城田優、川栄李奈を“壊しちゃうんじゃないか”と思った 身長差38センチの対決

城田優、川栄李奈を“壊しちゃうんじゃないか”と思った 身長差38センチの対決

映画『亜人』城田優、川栄李奈インタビュー クランクイン!

 佐藤健と綾野剛が熾烈な闘いを繰り広げる映画『亜人』。不死身の肉体を持つ亜人たちが、特殊能力「IBM」を駆使してぶつかり合うエンドレスバトルの実写化が話題を呼んでいる。今回は、同映画で対峙する城田優と川栄李奈の二人が、38センチの身長差を活かした迫力満点のバトルシーンの舞台裏を語ってくれた。

 本作は、桜井画門の同名漫画が原作のアクション映画。自分が“亜人”だと知った永井圭(佐藤)が、生き延びる道を模索しながら、亜人のテログループに立ち向かう様を描く。川栄は亜人管理委員会トップの戸崎優の秘書兼ボディーガードである下村泉に、城田は国内2例目の亜人・田中に扮する。

 並ぶとまるで優しいお兄ちゃんと可愛い妹の絵面になってしまう二人は、過去にお互いの主演舞台を観に行ったと明かし、共演を「楽しみにしていた」と口を揃える。そして、本作について川栄が「最初から最後までアクションシーンが多くて、スピード感がすごい作品」と言えば、城田も「テンポが良くて、疾走感がある。あっという間に終わる映画」と評価した。

 城田演じる田中は、人間に憎悪を抱く亜人。「何年間も人体実験を受けたことに対する恨みを抱いているけど、同時に無関係な人間に害を及ぼすことに抵抗感もある、魅力的な人物。登場シーンが短いですが『佐藤の手下に成り下がったらもったいない』と監督に相談して、けっこうセリフやシーンごとの立ち位置を変えてもらったりしてます」と明かした。

 152センチの川栄と190センチの城田の身長差は、実に38センチ。城田は対決シーンを振り返って「“壊しちゃうんじゃないか”という怖さがありました。こちらは体もデカいし、力も強い。でもやるからには本気でやりたい。が、相手は女の子でこんなに小さくて可愛らしい。大変でしたよ(笑)。稽古の時から、何回か本当に(パンチや蹴りが)入っちゃったりして『ゴメンゴメン…!』ってなりました」と当時の心配を吐露。

 一方、川栄は「大っきいので安心感があった」と言い、「この並びを見ると(自分が)100%負ける。それをどうしたらいいのかなという不安はあったけど、背中に乗ったり私だからこそできる技を取り入れてくれて良かったです」と話した。

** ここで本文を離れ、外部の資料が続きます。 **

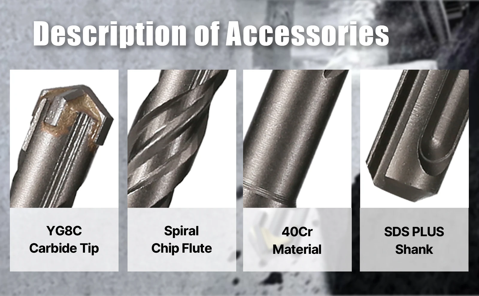 5PCS SDS PLUS Shank 110mm Length Carbide Masonry Drill Bits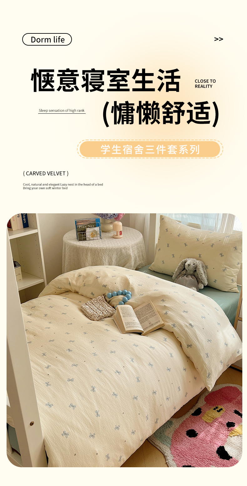 商品名称:(总)繁花家居 2025新款木棉爆款学生床三件套四件套跑量款

 そんなアクションシーンの撮影は過酷を極め、城田は「2日間、朝から夜中までボロボロで後半記憶ない。酸欠になりながらやった」と笑うも、アクションチームの取り組みを称賛。「撮影入りする前から彼らが撮ったビデオが用意されていて、カット割りされて音楽までついてる。練習段階から頭にイメージが出来て、今までで一番やりやすかったし楽しかったです」と満足感を示した。映像作品でのアクションが初だという川栄も「恵まれてました」と同調し、躍動感あふれる動きを披露する際に着ていたビジネススーツは「ゴム製の伸びる素材だったんです」と秘密を明かしてくれた。

 完成披露試写会では綾野と佐藤の食事制限が話題になったが、城田も肉体作りに励んで「7、8キロ落とした」という。「主演の二人には同じ志とか役に対するストイックさ、責任感、物語全体をより良くしたいという意思を感じて、僕もそこへ乗っかっていた感じがあります。いい緊張感のある現場でした」と語り、「刺激を与え合える良き仲間です」と信頼感を口に。川栄とも、撮影の苦労をともに乗り越えた戦友の絆を感じさせ、終始笑い合っていた。(取材・文・写真:桜井恒二)

 『亜人』は、9月30日より全国ロードショー。